* PROBLEM DESCRIPTION *
Without including any images, please transcribe all the lines below exactly.

::::

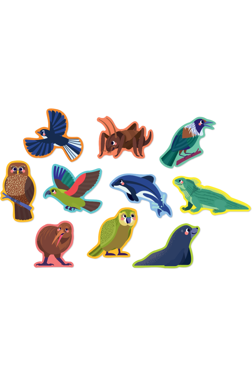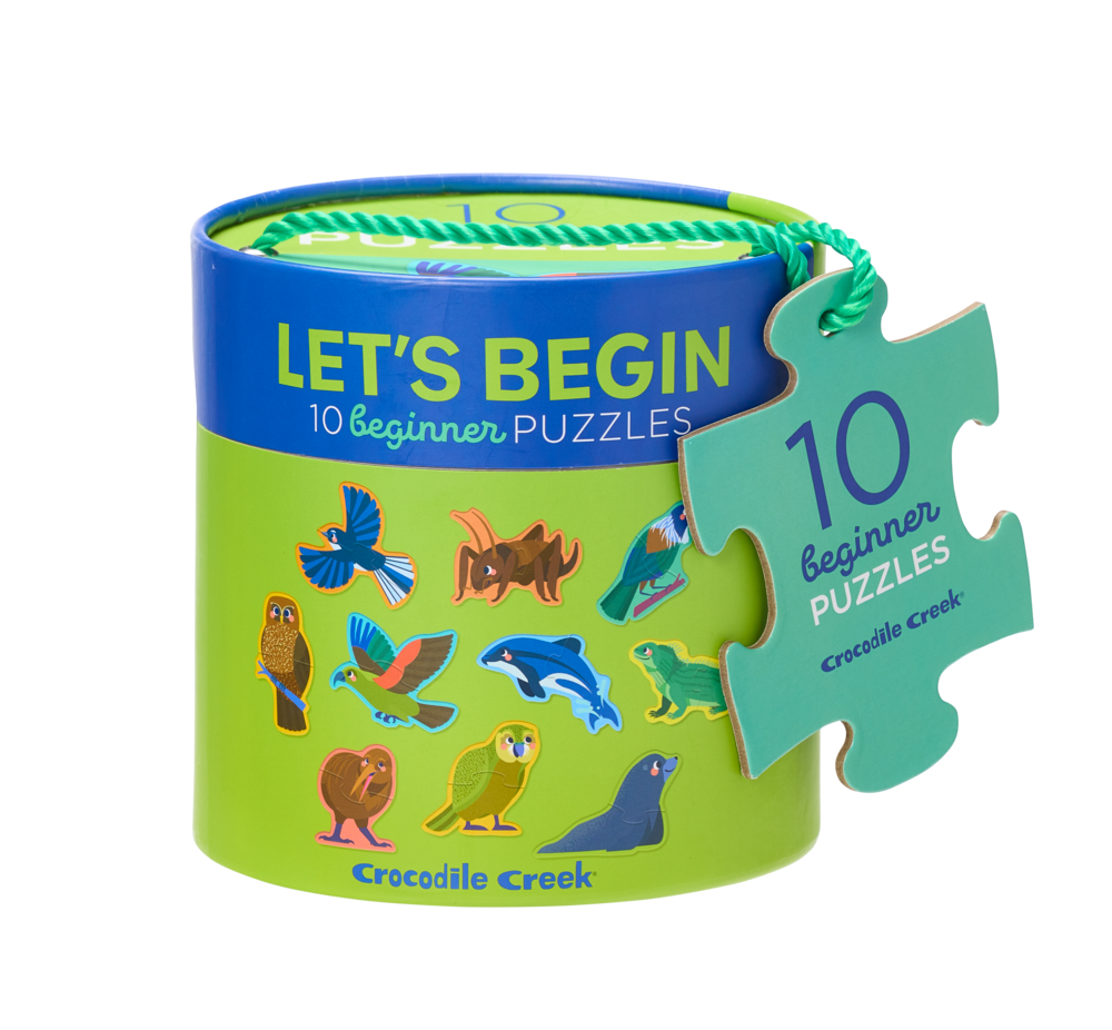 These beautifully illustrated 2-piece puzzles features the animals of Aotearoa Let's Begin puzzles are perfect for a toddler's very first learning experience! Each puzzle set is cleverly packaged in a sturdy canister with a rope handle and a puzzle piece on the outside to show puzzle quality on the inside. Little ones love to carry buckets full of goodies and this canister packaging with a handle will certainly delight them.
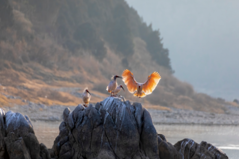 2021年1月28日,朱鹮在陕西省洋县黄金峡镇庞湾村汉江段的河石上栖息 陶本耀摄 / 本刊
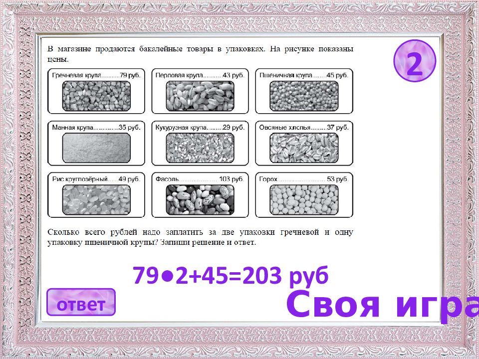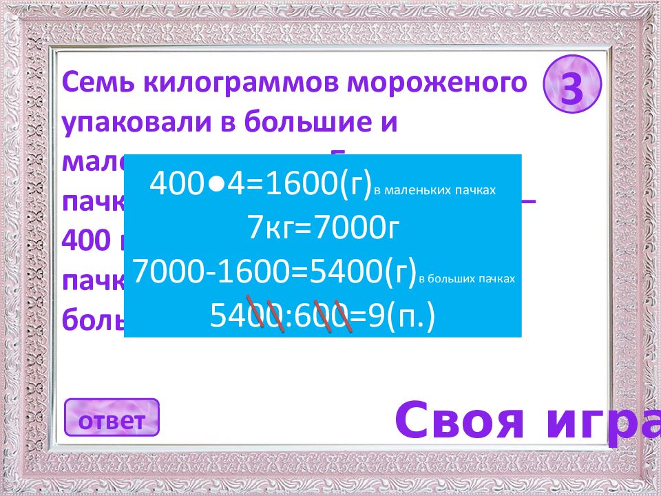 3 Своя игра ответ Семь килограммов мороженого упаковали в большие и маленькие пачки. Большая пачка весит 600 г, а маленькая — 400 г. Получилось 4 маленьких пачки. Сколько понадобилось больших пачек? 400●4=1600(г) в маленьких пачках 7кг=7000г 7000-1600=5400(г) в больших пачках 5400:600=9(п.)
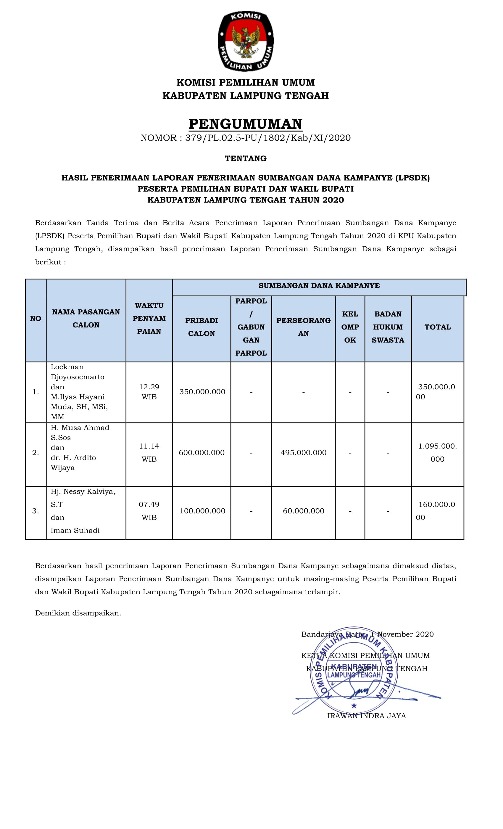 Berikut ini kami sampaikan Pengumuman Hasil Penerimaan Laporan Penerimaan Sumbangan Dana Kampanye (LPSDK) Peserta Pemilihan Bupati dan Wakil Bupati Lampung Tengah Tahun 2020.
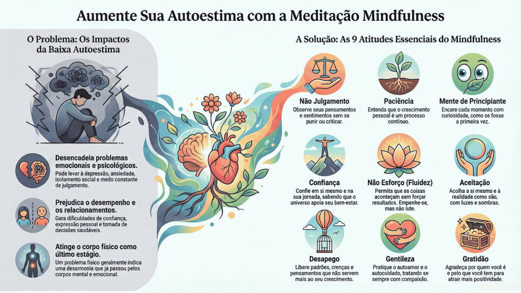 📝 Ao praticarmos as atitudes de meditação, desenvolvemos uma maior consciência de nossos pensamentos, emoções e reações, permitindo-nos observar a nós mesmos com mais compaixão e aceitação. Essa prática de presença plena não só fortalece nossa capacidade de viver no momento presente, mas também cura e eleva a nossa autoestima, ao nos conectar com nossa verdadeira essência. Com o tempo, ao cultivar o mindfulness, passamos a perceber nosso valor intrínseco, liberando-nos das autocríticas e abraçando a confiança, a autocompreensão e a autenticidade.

::::

* FINAL ANSWER *
 These beautifully illustrated 2-piece puzzles features the animals of Aotearoa Let's Begin puzzles are perfect for a toddler's very first learning experience! Each puzzle set is cleverly packaged in a sturdy canister with a rope handle and a puzzle piece on the outside to show puzzle quality on the inside. Little ones love to carry buckets full of goodies and this canister packaging with a handle will certainly delight them.
 2021年1月28日,朱鹮在陕西省洋县黄金峡镇庞湾村汉江段的河石上栖息 陶本耀摄 / 本刊
 3 Своя игра ответ Семь килограммов мороженого упаковали в большие и маленькие пачки. Большая пачка весит 600 г, а маленькая — 400 г. Получилось 4 маленьких пачки. Сколько понадобилось больших пачек? 400●4=1600(г) в маленьких пачках 7кг=7000г 7000-1600=5400(г) в больших пачках 5400:600=9(п.)
 Berikut ini kami sampaikan Pengumuman Hasil Penerimaan Laporan Penerimaan Sumbangan Dana Kampanye (LPSDK) Peserta Pemilihan Bupati dan Wakil Bupati Lampung Tengah Tahun 2020.
 📝 Ao praticarmos as atitudes de meditação, desenvolvemos uma maior consciência de nossos pensamentos, emoções e reações, permitindo-nos observar a nós mesmos com mais compaixão e aceitação. Essa prática de presença plena não só fortalece nossa capacidade de viver no momento presente, mas também cura e eleva a nossa autoestima, ao nos conectar com nossa verdadeira essência. Com o tempo, ao cultivar o mindfulness, passamos a perceber nosso valor intrínseco, liberando-nos das autocríticas e abraçando a confiança, a autocompreensão e a autenticidade.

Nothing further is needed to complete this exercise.